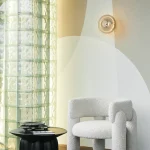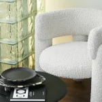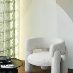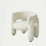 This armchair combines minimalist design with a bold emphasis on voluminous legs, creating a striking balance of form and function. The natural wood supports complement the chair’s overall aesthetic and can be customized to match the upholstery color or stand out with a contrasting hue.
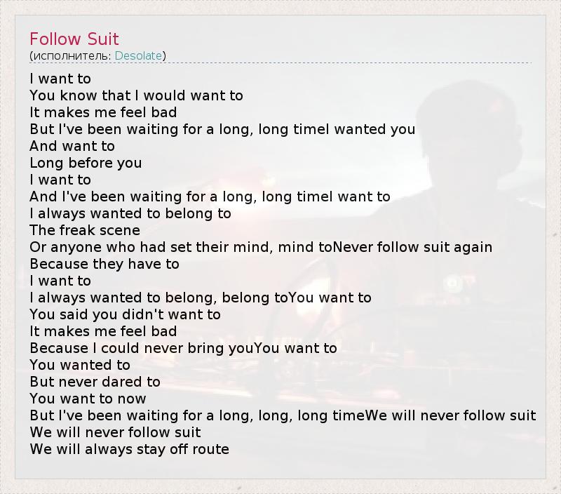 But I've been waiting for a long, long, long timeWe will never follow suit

******************************

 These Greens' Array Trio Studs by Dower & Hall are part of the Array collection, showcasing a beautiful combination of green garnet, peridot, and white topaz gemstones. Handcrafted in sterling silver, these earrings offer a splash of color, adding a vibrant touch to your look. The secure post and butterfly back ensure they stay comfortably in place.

******************************

**What to do:** Keep to the stretch from the line containing "This armchair combines" through the line containing "But I've been", both ends included, and copy it exactly from the listing above, minus the pictures.

**Worked solution:**
 This armchair combines minimalist design with a bold emphasis on voluminous legs, creating a striking balance of form and function. The natural wood supports complement the chair’s overall aesthetic and can be customized to match the upholstery color or stand out with a contrasting hue.
 But I've been waiting for a long, long, long timeWe will never follow suit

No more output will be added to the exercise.